Re: Comments on decoration ill, intersection and union
On 2012-12-03 11:15:32 -0600, Nathan T. Hayes wrote:
> Using the min rule to perform a lengthy computation returns a decoration
> EIN, DAC, DEF, TRV or EMP with the following meaning (I use UPPERCASE to
> distinguish a decoration computed by lengthy computation/propagation as
> opposed to lowercase to distinguish the mathematically true decoration of
> any (f,xx) pair):
>
> Result The mathematically true decoration of (f,xx) is:
> EIN => ein
> DAC => ein or dac
> DEF => ein or dac or def
> TRV => ein or dac or def or emp
> EMP => ein or emp
So, if it happens that you have an empty input, the decorations
won't give any information; by that I mean that whatever the result
you get, there's still the possibility that the input is empty.
However this can be fine if you take the interval part into account.
For instance,
(Empty,ein) + ([1,1],dac)
would yield (Empty,dac) with the min-rule. But a dac function with
an empty result necessarily means that the input was empty.
I wonder whether the result EIN is useful in practice on arithmetic
operations, since it will quickly disappear, unless the implementation
optimizes the result to increase the decoration when it can deduce
that the input is empty (like on the above example). This would make
the ein decoration purely virtual (i.e. instead of adding an ein
decoration, it would be sufficient to modify dac and def to include
the "empty input" case).
> > > This allows set-theoretic operations like intersection and union to be
> > > decorated. For example, the function in Example 2 on pp. 34-35 may be
> > > implemented:
> > > U = f1(X intersect [-oo,-2])
> > > V = f2(X intersect [-2,2])
> > > W = f1(X intersect [2,+oo])
> > > return U union V union W
> >
> > X is the input. If it is not empty, you'll never get ein in the
> > propagations, unless you have special rules for ein.
>
> If X is Empty, the result is (Empty,DAC), since, for example:
> U = f1((Empty,ein) intersect ([-oo,-2],dac))
> = f1((Empty,DAC))
> = (Empty,DAC)
But what if only the intersection is empty, say if X = [0,1]?
([0,1],dac) intersect ([-oo,-2],dac) = (Empty,DAC)
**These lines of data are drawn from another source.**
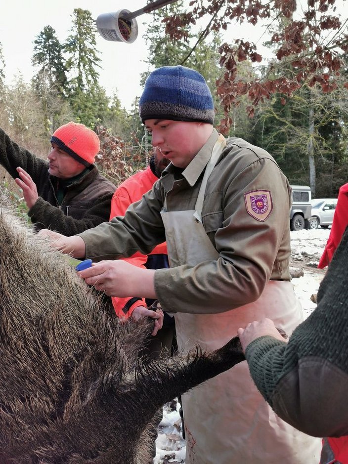 Stellvertretend für alle Helfer nenne ich hier Paul Müller, der als Metzgerlehrling sein bisheriges Können beim Aufbrechen fleißig unter Beweis gestellt und seinem Ausbildungsbetrieb alle Ehre gemacht hat.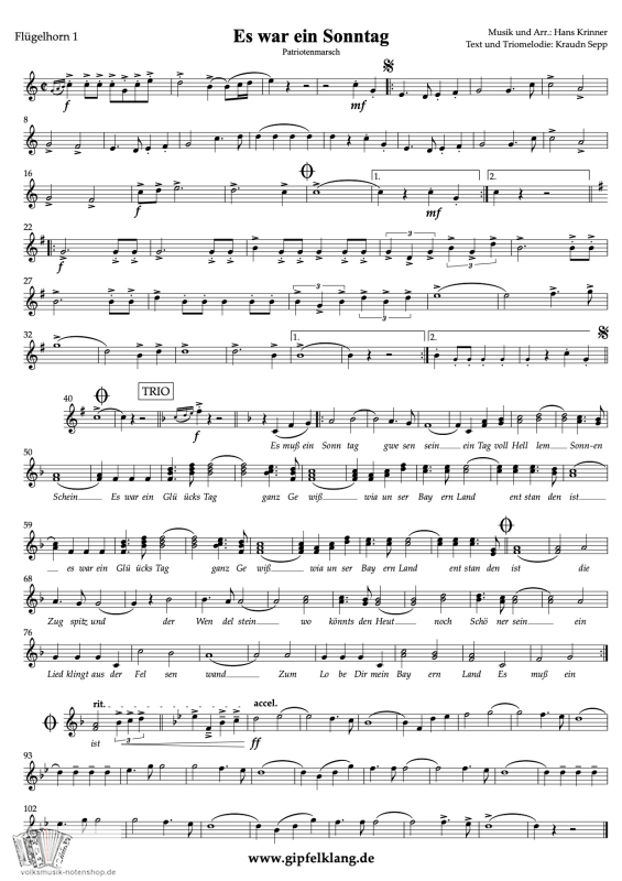 "Es war ein Sonntag" - Marsch von Hans Krinner für Blasorchester, zum Download.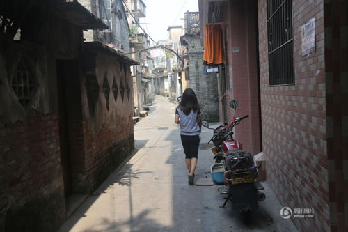 杨女士介绍,小杰之前在老家读小学,暑假与9岁的姐姐一起赶来广州与家人团聚。“本来火车票都提前买好了,她伤口还没全好,又不想让同学看到她的脸伤成这样,就没跟着姐姐一起回去。”杨女士与丈夫商议,想让小杰在附近上学,好多点照顾她、帮她恢复伤情。图为被割脸小女孩母亲走过事发小巷回家。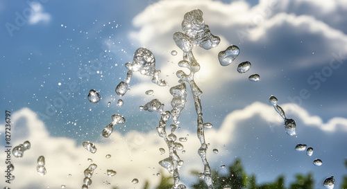 夏の太陽にキラキラ輝きさわやかな青空に飛び散る細かい水の滴と水しぶき 夏休み・水遊び・水鉄砲・プール・海・潮・公園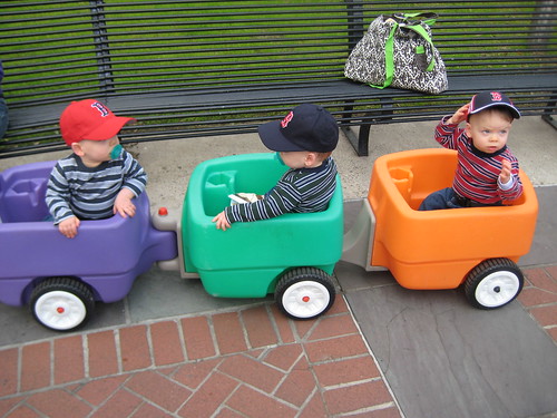 Our friends brought the boys some Red Sox caps. They were so cute. Linus kept his on all day, Oliver took his off after a little while, and I think Miles may be a Yankees fan, because this picture was taken in the split second he actually left it on: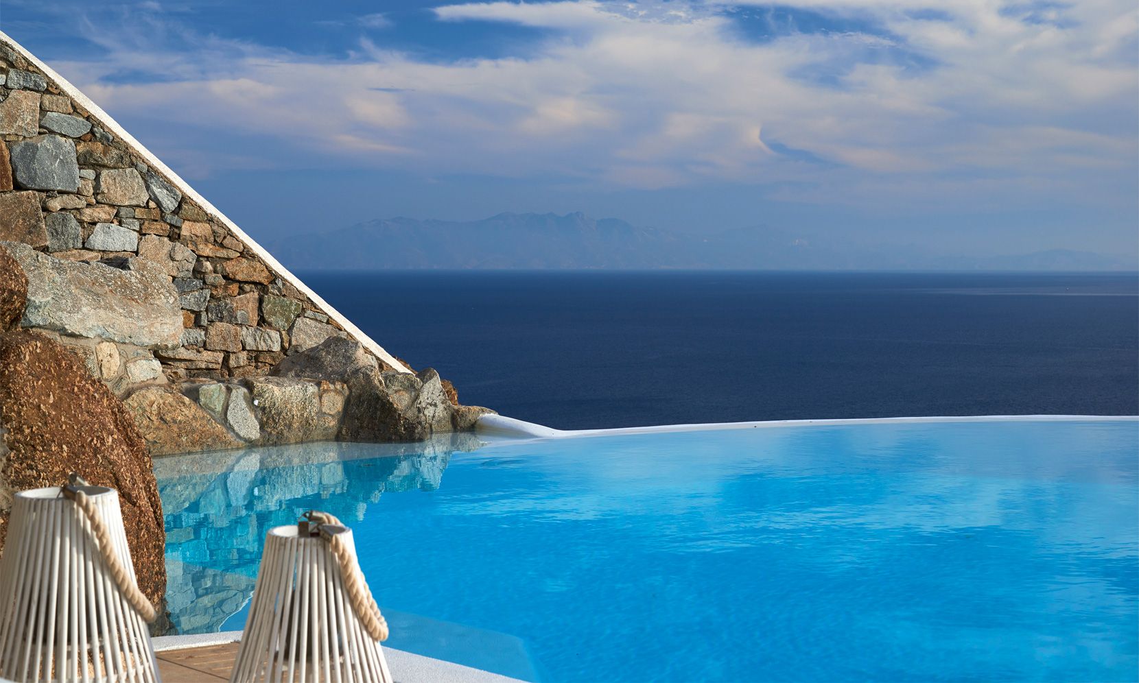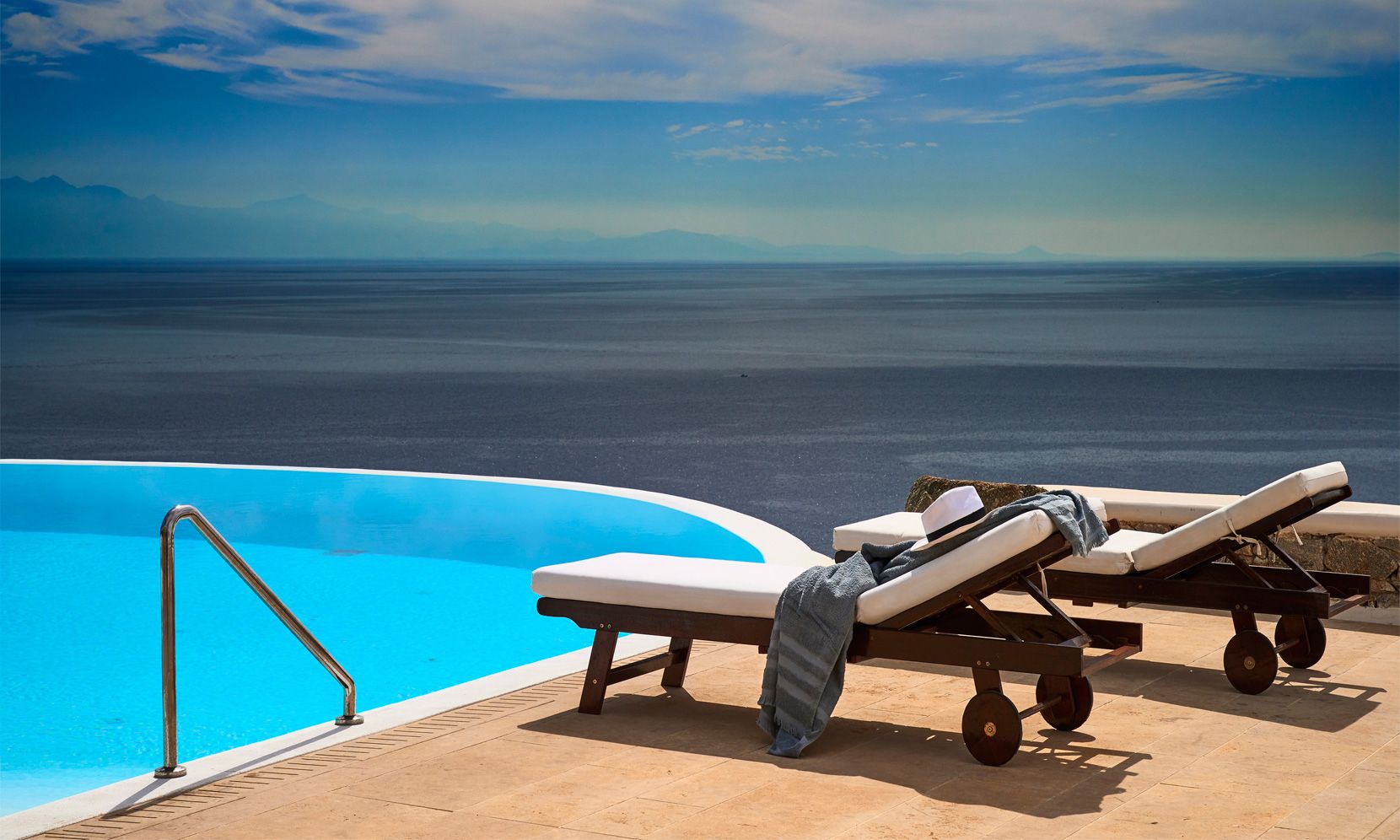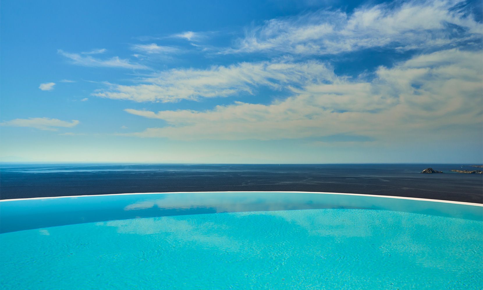 The outdoor area with the private swimming pool with jacuzzi and sunbeds is perfectly harmonized with the environment and creates a peaceful experience through the accommodation while offering breathtaking views over the Cretan Sea.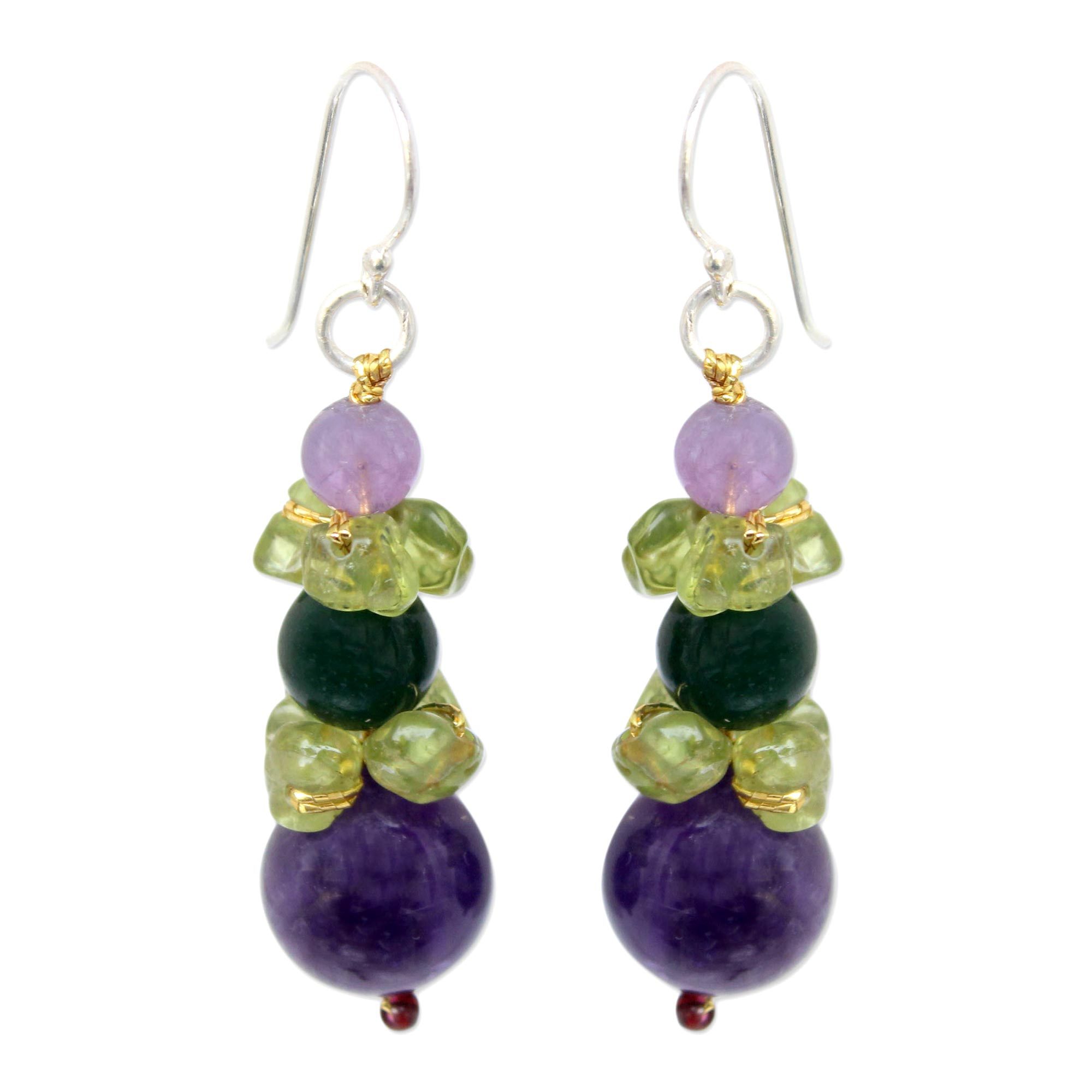 Amethyst and peridot beaded earrings, 'Thai Harmony' - Amethyst and Quartz Dangle Earrings

though the input X is *not* empty. So, DAC is meaningless:
* The true decoration cannot be ein because the input is not empty.
* The true decoration cannot be dac because a dac function over a
non-empty interval cannot have an empty result.
So, whether with the proposed decoration system or with yours, if
you want decorations on intersect and union results, this needs
special care to say what it means, the risk being that if intersect
(or union) is used in some other context, the final result could be
wrong.
> Note that under the current proposal without EIN, if intersection
> and union operations propagate decorations the result for any
> nonempty X would be a nonempty interval with an EMP decoration.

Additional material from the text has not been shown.